Iksar Shaman - Solo Challenges?

[bcbrown]

Quote:

Originally Posted by DeathsSilkyMist [You must be logged in to view images. Log in or Register.]

For Direct damage spells you do get twice the damage. For DoTs specifically you get the Direct Damage component of the DoT + X amount of ticks. That is why I reduced the damage by 50%, because on average it will proc halfway through the fight.
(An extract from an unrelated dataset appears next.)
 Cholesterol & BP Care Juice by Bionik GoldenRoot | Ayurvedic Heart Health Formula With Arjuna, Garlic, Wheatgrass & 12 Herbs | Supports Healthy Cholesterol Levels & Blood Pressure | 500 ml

You are getting half the DoT ticks on average.

[1 roll, 2 rolls, 3 rolls, 4 rolls, 5 rolls, 6 rolls, 7 rolls, 8 rolls , 9 rolls, 10 rolls, 11 rolls, 12 rolls] / 12 roll attempts = 6.5 rolls on average to get any specific number one time on a D12. This means you will get a proc halfway through the fight on average, as you will roll the specific number you want after 6.5 attempts on average.

We're trying to calculate an expected value, the expected damage done by scourge procs. Keeping a copy of https://en.wikipedia.org/wiki/Expected_value and https://www.stat.purdue.edu/~zhangha...1%20Sec3.3.pdf open will be helpful here.
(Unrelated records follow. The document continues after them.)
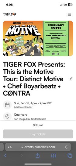 TIGER FOX Presents: This is the Motive Tour: Distinct Motive • Chef Boyarbeatz • CØNTRA$200Spring Valley, CA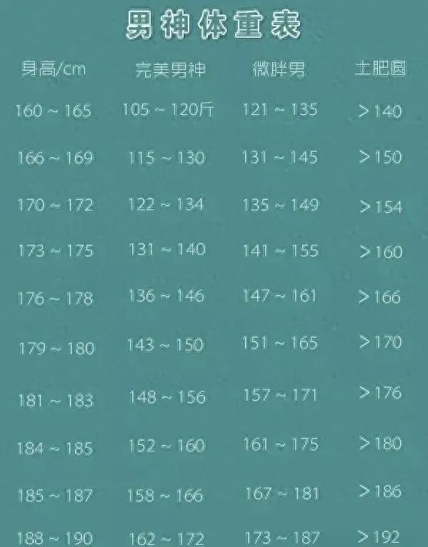 150-180cm男女标准体重对照表:别再焦虑,看看你是否真的超重?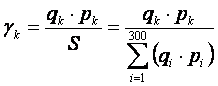 Сравнивая весовую структуру наборов базисного и расчетного периодов (при этом количества товаров в расчетном году остались такими же, как и в базисном), замечаем, что удельный вес второго товара очень значительно вырос.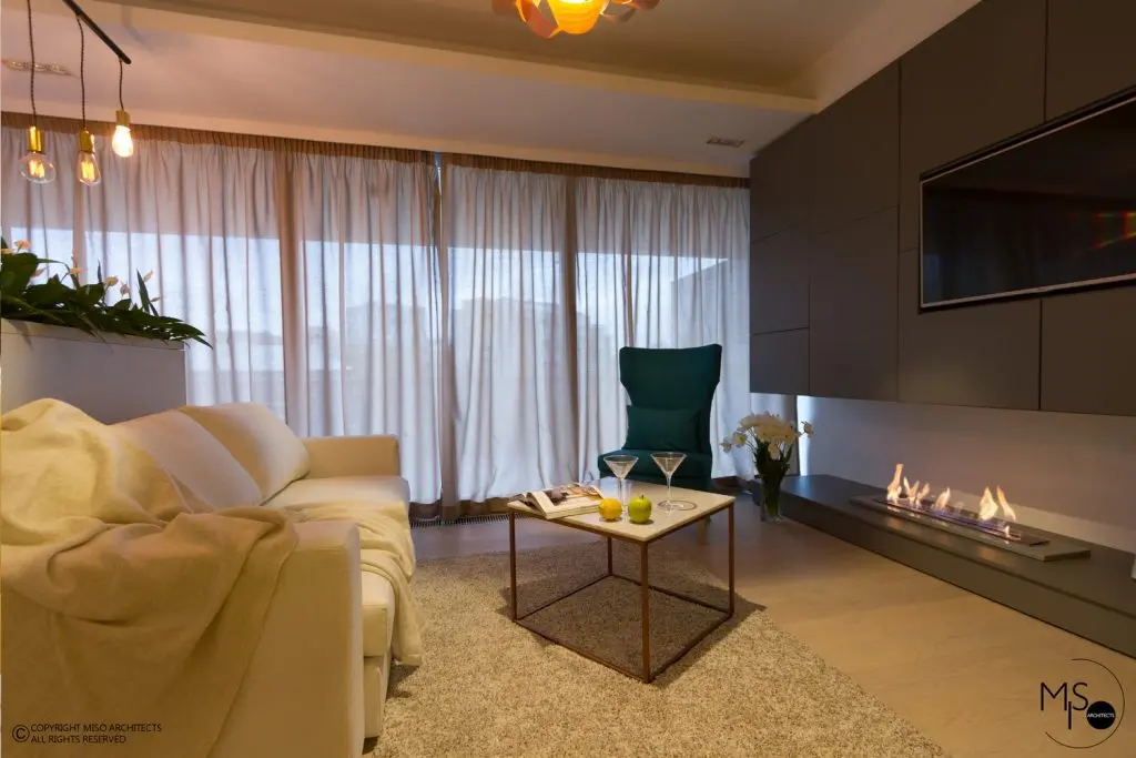 Se poate adopta o amenajare simetrica cu piese de mobilier de o parte si cealalta a semineului. Zona de conversatie, de exemplu, poate fi conturata in jurul semineului, cu 2 sofale asezate simetric sau o canapea si 2 fotolii.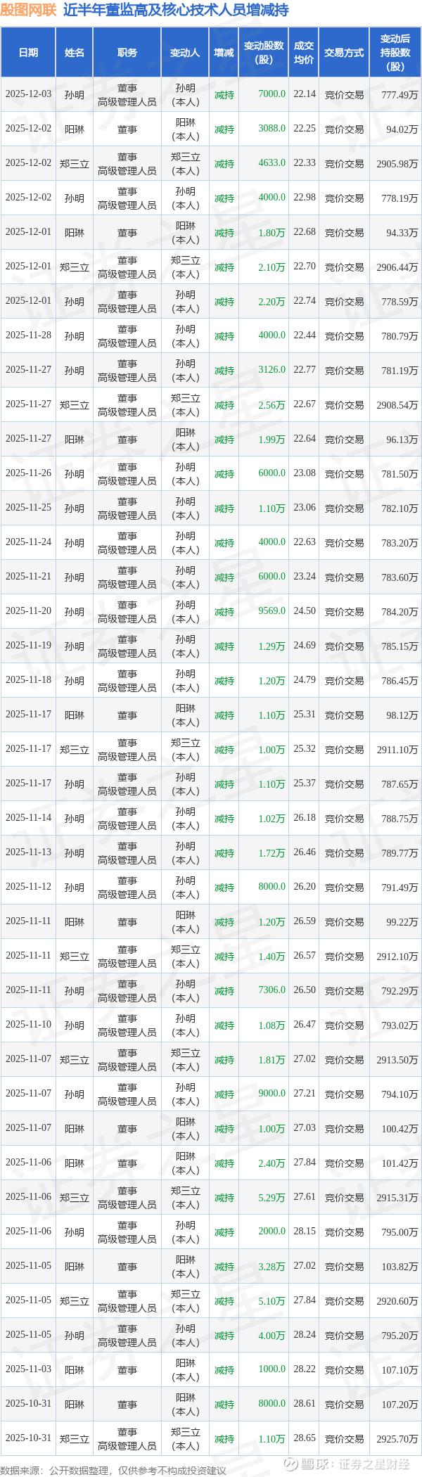 殷图网联近半年内的董监高及核心技术人员增减持详情如下: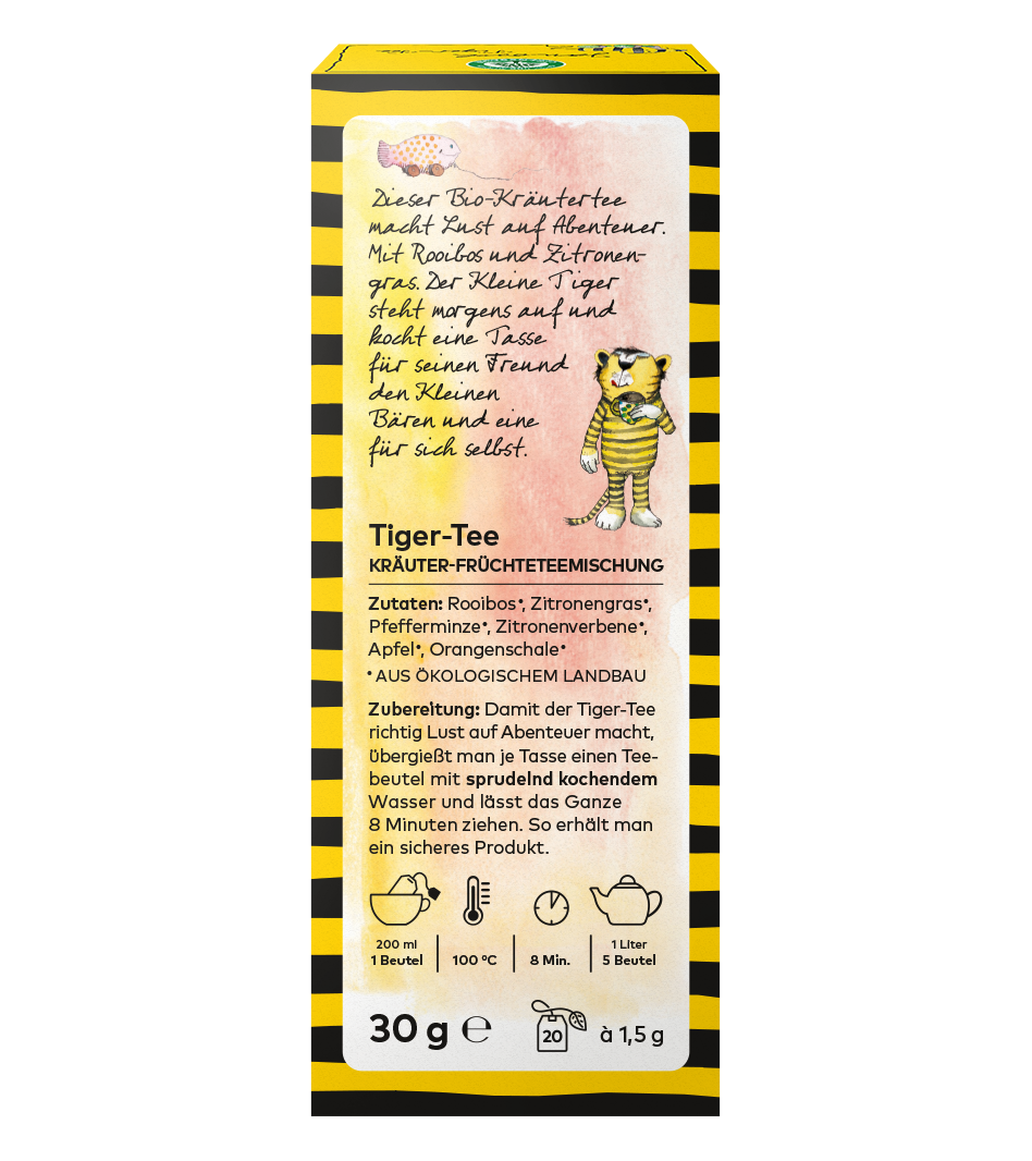 Dieser Bio-Kräuter-Früchtetee macht ruckzuck putzmunter. 20 x 1,5 g

The way you calculate an expected value is by summing up all the possible outcomes, each multiplied by it's probability weight. Our random variable, X, is in this case the event of a proc.

E[X] = sum over all x of E[x]

The probability weight is the proc rate, or 1/12. The expected number of procs with your 12 rolls is going to be the sum from 1 to 12 of 1/12, or 1. We are in agreement here.

But we're not just interested in the expected number of procs, we're interested in the expected damage dealt.

There's an identity, that for a linear function of x, the expected value of the function is the function of the expected value of X:
E[aX] = a * E[X]

This is the calculation you are doing. E[d(x)] = d(E[x]). However, the expected damage is a function of time, and it is also a function of whether or not there has been a prior proc.

Therefore, the linearity of expectation does not hold, and it is neccessary to calculate the sum over all the possible outcomes.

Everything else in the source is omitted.